Il Regno Unito estraderà negli Stati Uniti il fondatore di Wikileaks Julian Assange. A dare la notizia è stato il segretario di Stato americano, Mike Pompeo, parlando al giornale ecuadoregno El Universo. "Non posso fare dichiarazioni più ampie – ha spiegato Mike Pompeo -, ma il mio governo pensa che sia importante che quest'uomo, che ha messo in pericolo i soldati americani, venga sanzionato dalla giustizia". Secondo Pompeo, Julian Assange ha creato una "situazione di rischio per il mondo". L’intervista è arrivata in occasione dell’incontro fra Pompeo e il presidente dell'Ecuador, Lenin Moreno. Il fondatore di Wikileaks è accusato di spionaggio dagli Stati Uniti, che da tempo ne hanno chiesto l'estradizione. L'udienza per studiare questa richiesta sarà nel Regno Unito a fine febbraio del prossimo anno. Di recente il ministro britannico Alan Duncan ha assicurato che Assange non sarebbe stato estradato verso un Paese in cui potrebbe rischiare la pena di morte. Su Assange negli Usa pesano 18 capi d'accusa e il totale delle pene relative è di circa 175 anni di carcere.
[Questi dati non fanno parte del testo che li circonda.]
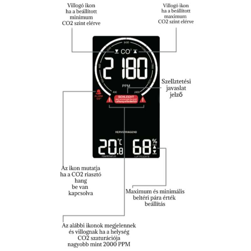 • Állítható CO2-érték riasztás opcionális riasztóhanggal.
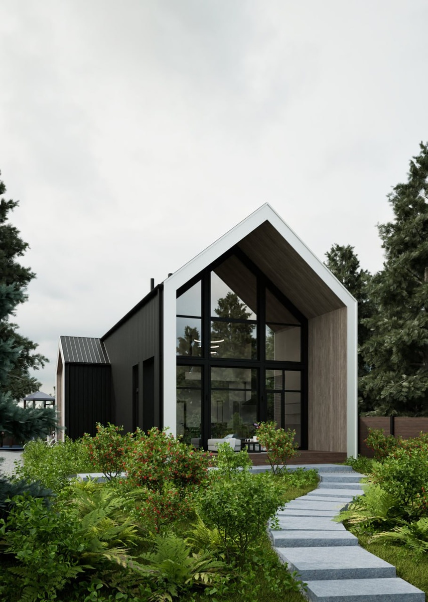СМС-96 | Общая площадь: 113 м² | Полезная площадь: 97 м² Сердце дома - большая кухня-гостиная с панорамными окнами. За счёт естественного света и высокого потолка она выглядит ещё просторнее и уютнее. Спальню на первом этаже можно использовать как гостевую. Удобно, что она отделена от спален на втором этаже, ночью хозяева и гости не пересекаются. На втором этаже - две спальни и санузел, это делает этаж автономным и ночью не нужно спускаться вниз. Отсутствие межэтажного перекрытия создаёт ощущение воздуха и простора, наполняет дом светом и визуально объединяет оба этажа. Этот дом спроектирован так, что с любой его точки открывается шикарный вид, вы всегда видите красивые интерьерные решения. Подробнее о проекте, сроках и стоимости строительства - на нашем сайте.

La maggior parte delle accuse sono legate all'ottenimento e alla diffusione di informazioni classificate da Wikileaks che nel 2010 pubblicò centinaia di migliaia di documenti militari e diplomatici.
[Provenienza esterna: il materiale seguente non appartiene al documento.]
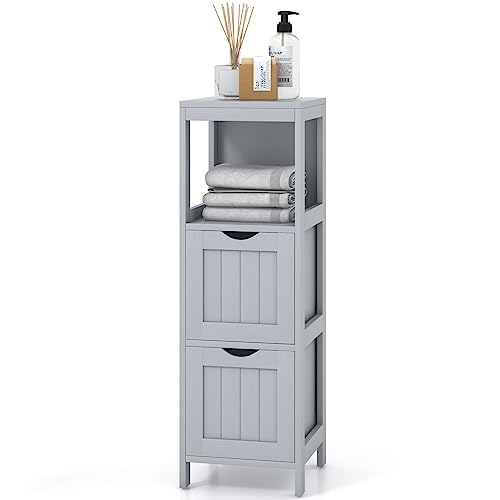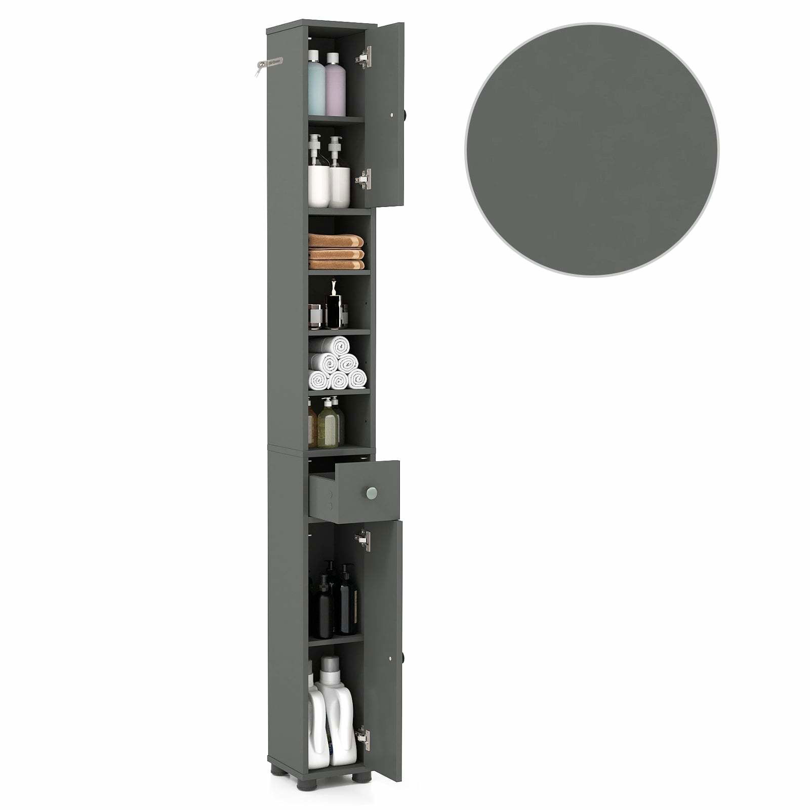COSTWAY Toalettskåp, högt skåp, smalt badrumsskåp med 2 dörrar, 1 låda och justerbara hyllor, platsbesparande badrumshylla för badrum, vardagsrum, kök, 20 x 20 x 180 cm (ljusgrå)
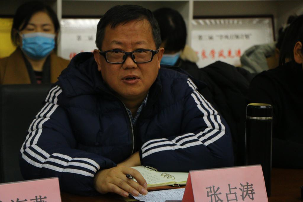 在解读交流环节,马克思主义学院刘振光教授以“关于将党的十九届六中全会精神融入思政课教学的思考”为题,从深刻把握《决议》的若干要义、将党的十九届六中全会精神融入思政课教学的五个维度、融入思政课教学应当遵循的基本原则、融入思政课教学应当处理好的几大关系等方面进行讲解,提出思政课教师要充分发挥思政课的主渠道作用,切实将全会精神转化为最鲜活的教学资源,为提升思政课的思想性、理论性、针对性和亲和力注入强大的思想能量。之后,马克思主义学院老中青教师代表分别谈学习体会。陈海燕教授指出,思政课要坚持用学理支持政理,真正做到培根铸魂、启智润心,并深入解读了思政课教师应当抓住的《决议》中的核心要义。张占涛副教授围绕《政治经济学》教学有关内容,谈了如何将全会精神融入课程教学。2020年新进思政课教师孙燕丽表示,要继续深入学习全会相关文件资料、持续加深领悟,不断在百年党史中汲取养分,并融入于思政课的课堂教学中。
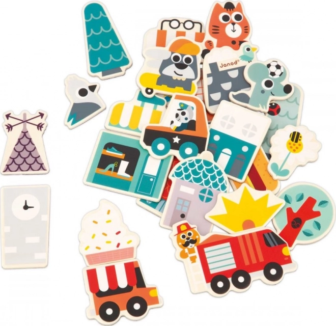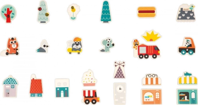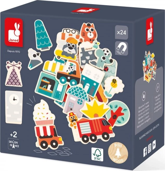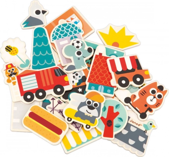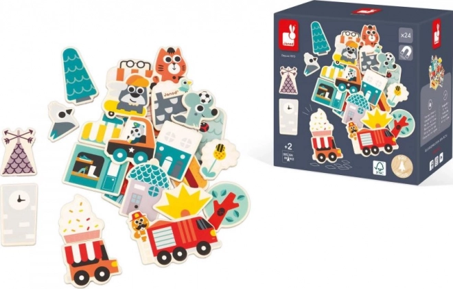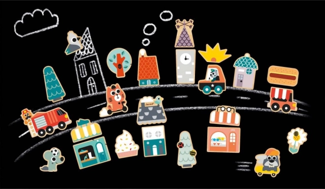 Met deze set van 24 houten magneten kun je bouwen op alle magnetische oppervlakken! De set kindermagneten bevat naast een step en een skateboard ook magneten met voertuigen (brandweerauto, politieauto, foodtruck) en elementen om winkels en huizen te bouwen, zodat deze door vrolijke dieren bewoonde stad kan bloeien. Je kunt de magneten mixen en zo veel verschillende combinaties maken.

Julian Assange è stato arrestato a Londra l’11 aprile 2019

Rifugiato per sette anni nell'ambasciata dell'Ecuador a Londra, dove poteva godere dell'asilo politico, Assange è stato arrestato l'11 aprile scorso e poi condannato a una pena di 50 settimane di carcere per violazione delle condizioni di libertà provvisoria. Il governo dell'Ecuador ha assicurato di aver ricevuto garanzie scritte da Londra secondo cui Assange non sarà estradato in un Paese in cui potrebbe subire torture o essere condannato a morte.